De omstandigheden dat verdachte geprobeerd heeft om voor zichzelf voor de betreffende nacht een alibi te verschaffen en pas op de zitting heeft verklaard dat hij die nacht naar zijn moeder in Rotterdam is gegaan, terwijl hij niet wil aangeven wie hem naar zijn moeder zou hebben gebracht en zijn telefoon de hele nacht aanstraalde op zendmasten in Oisterwijk, alsmede de in het dossier aanwezige tapgesprekken zijn zeker in het licht van de verdenking opmerkelijk te noemen.

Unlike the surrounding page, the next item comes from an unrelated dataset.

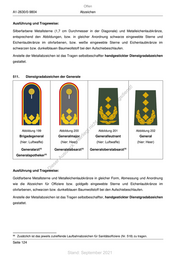 Offen A1-2630/0-9804 Abzeichen Ausführung und Trageweise: Silberfarbene Metallsterne (1,7 cm Durchmesser in der Diagonale) und Metalleichenlaubkränze, entsprechend den Abbildungen, bzw. in gleicher Anordnung schwarze eingewebte Sterne und Eichenlaubkränze im olivfarbenen, bzw. weiße eingewebte Sterne und Eichenlaubkränze im schwarzen bzw. dunkelblauen Baumwollstoff bei den Aufschiebeschlaufen. Anstelle der Metallabzeichen ist das Tragen selbstbeschaffter handgestickter Dienstgradabzeichen gestattet. 511. Dienstgradabzeichen der Generale st ! en sd i ng ru de Än m de ht ic Abbildung 199 Abbildung 200 tn Abbildung 201 Abbildung 202 eg Brigadegeneral Generalmajorrli Generalleutnant General te (hier: Luftwaffe) un (hier: Heer) (hier: Luftwaffe) (hier: Heer) k Generalarzt 96 uc Generalstabsarzt 96 Generaloberstabsarzt 96 dr 96 us Generalapotheker rA se ie Ausführung und Trageweise: D Goldfarbene Metallsterne und Metalleichenlaubkränze in gleicher Form, Abmessung und Anordnung wie die Abzeichen für Offiziere bzw. goldgelb eingewebte Sterne und Eichenlaubkränze im olivfarbenen, schwarzen bzw. dunkelblauen Baumwollstoff bei den Aufschiebeschlaufen. Anstelle der Metallabzeichen ist das Tragen selbstbeschaffter, handgestickter Dienstgradabzeichen gestattet. 96 Zusätzlich ist das jeweils zutreffende Laufbahnabzeichen für Sanitätsoffiziere (Nr. 518) zu tragen. Seite 124 Stand: September 2021
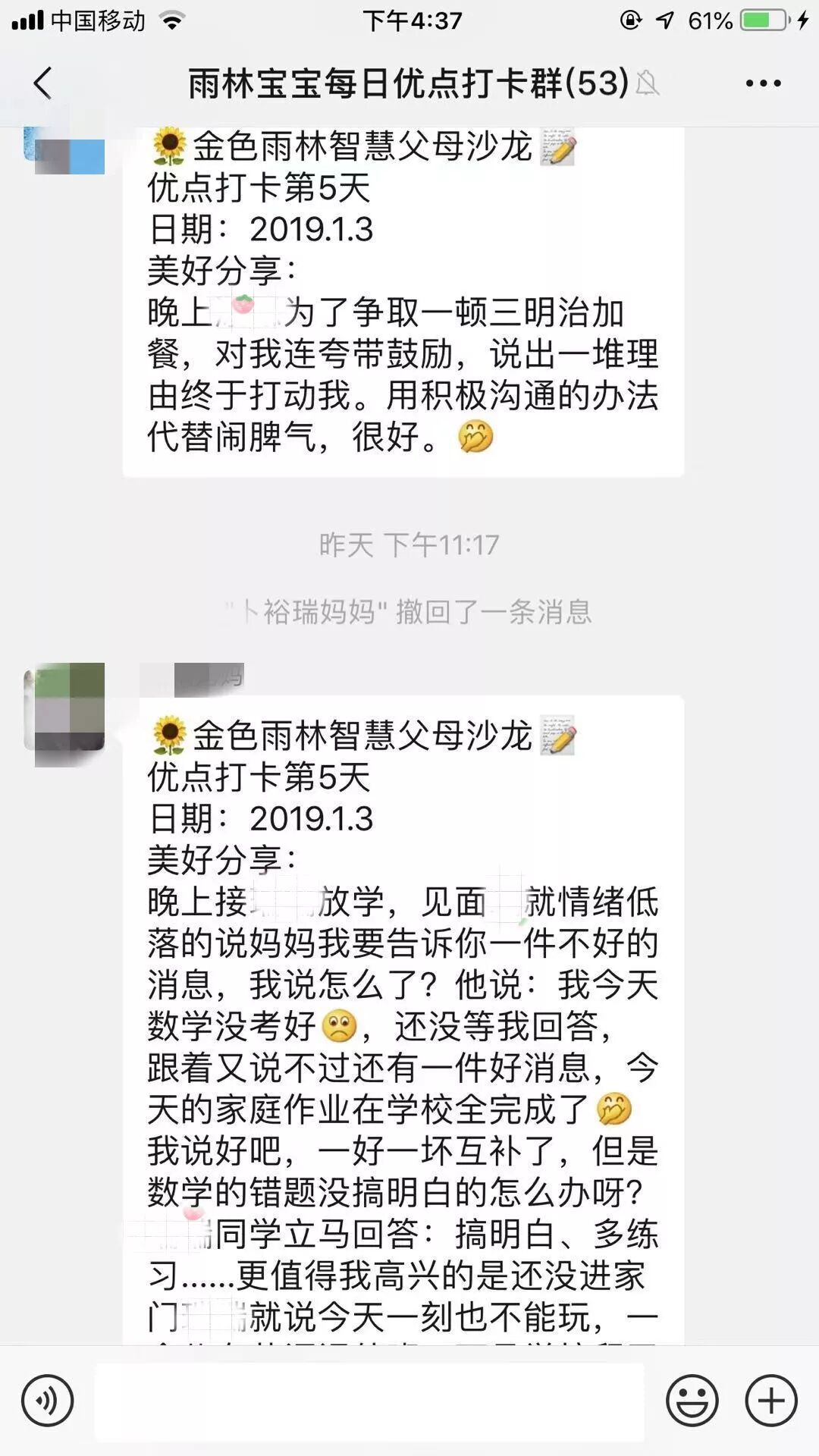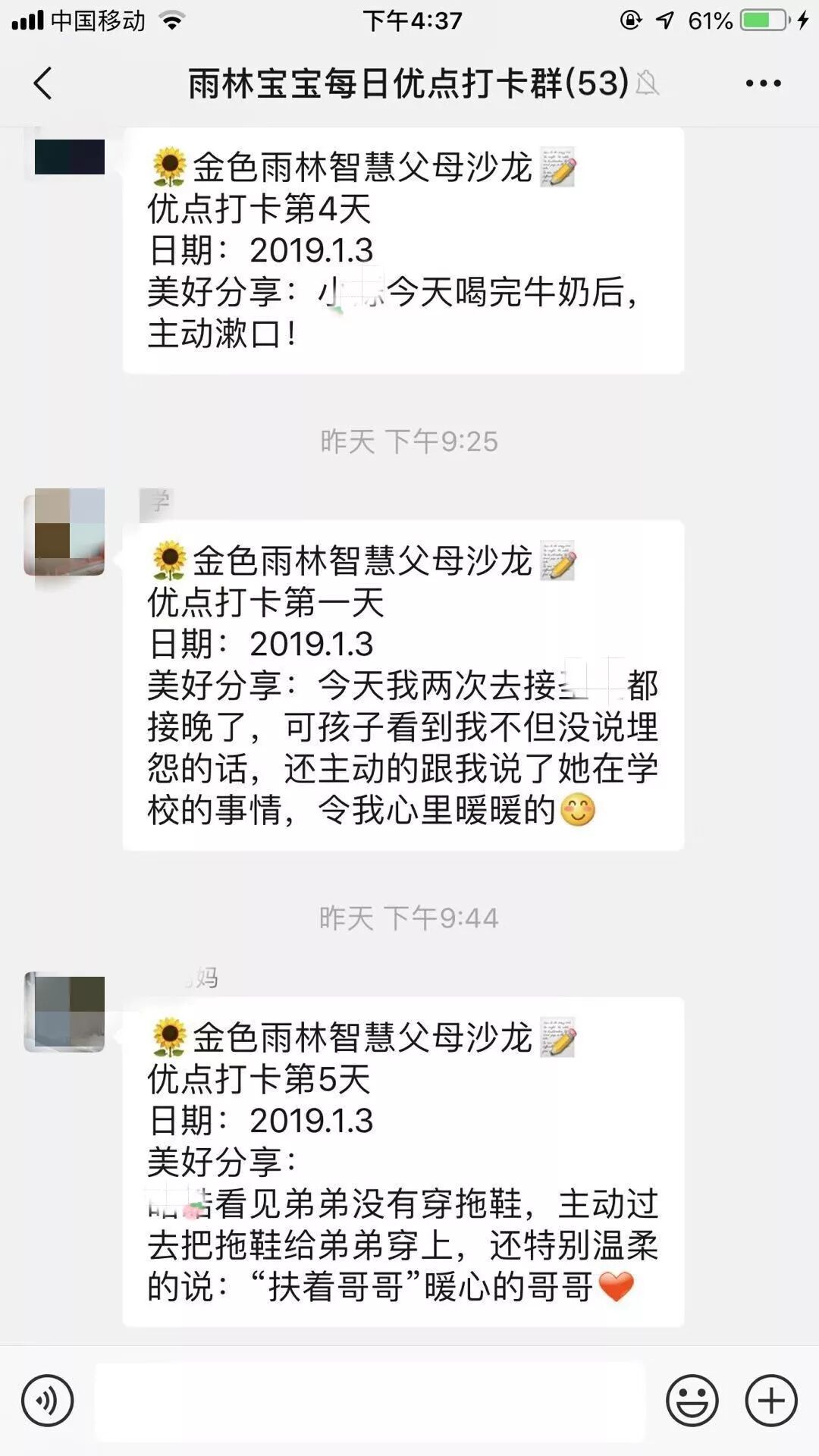 为了鼓励家长寻找孩子的优点,并持续做有智慧家长,邢老师鼓励家长互相监督,建群打卡夸宝宝,获得了听课家长的全票支持!

Dit maakt -gelet op het hiervoor overwogene- echter niet dat hiermee tot wettig en overtuigend bewijs kan worden gekomen dat verdachte zich schuldig heeft gemaakt aan de woningoverval zoals ten laste is gelegd.
De rechtbank zal verdachte dan ook vrijspreken van het primair en subsidiair tenlastegelegde feit.

5.De benadeelde partij

De benadeelde partij [Slachtoffer] vordert een schadevergoeding van € 10.937,91 voor het tenlastegelegde feit.
Verdachte is vrijgesproken van het feit waaruit de schade zou zijn ontstaan. De rechtbank zal daarom de benadeelde partij niet-ontvankelijk verklaren in de vordering.

6.De overwegingen omtrent het beslag.

6.1
De teruggave
De rechtbank zal de teruggave gelasten van de hierna in de beslissing genoemde in beslag genomen voorwerpen aan de rechthebbende.

7.De beslissing

De rechtbank:
Vrijspraak
-
spreekt verdachte vrijvan het primair en subsidiair tenlastegelegde feit;
Benadeelde partijen
- verklaart de benadeelde partij [Slachtoffer] niet-ontvankelijk in de vordering;
- veroordeelt de benadeelde partij [Slachtoffer] in de kosten van verdachte, tot nu toe begroot op nihil;
Beslag
- gelast de teruggave aan de rechthebbende van de inbeslaggenomen voorwerpen, te weten;
STK sleutelbos (omschrijving: G 522133);
1 STK sleutel (omschrijving: G 522135);
1 STK sleutel (omschrijving: G 522137, zilver, merk: Dom);
1 STK telefoonkaart (omschrijving: G 522136);
1 STK GSM (omschrijving: G 522138, rose, merk, Apple);
1 STK sleutel (omschrijving: G 522139).
Dit vonnis is gewezen door mr. Pellikaan, voorzitter, mr. I. de Graaf en mr. Phillips, allen kinderrechters, in tegenwoordigheid van mr. Venekamp, griffier, en is uitgesproken ter openbare zitting op 12 juli 2021.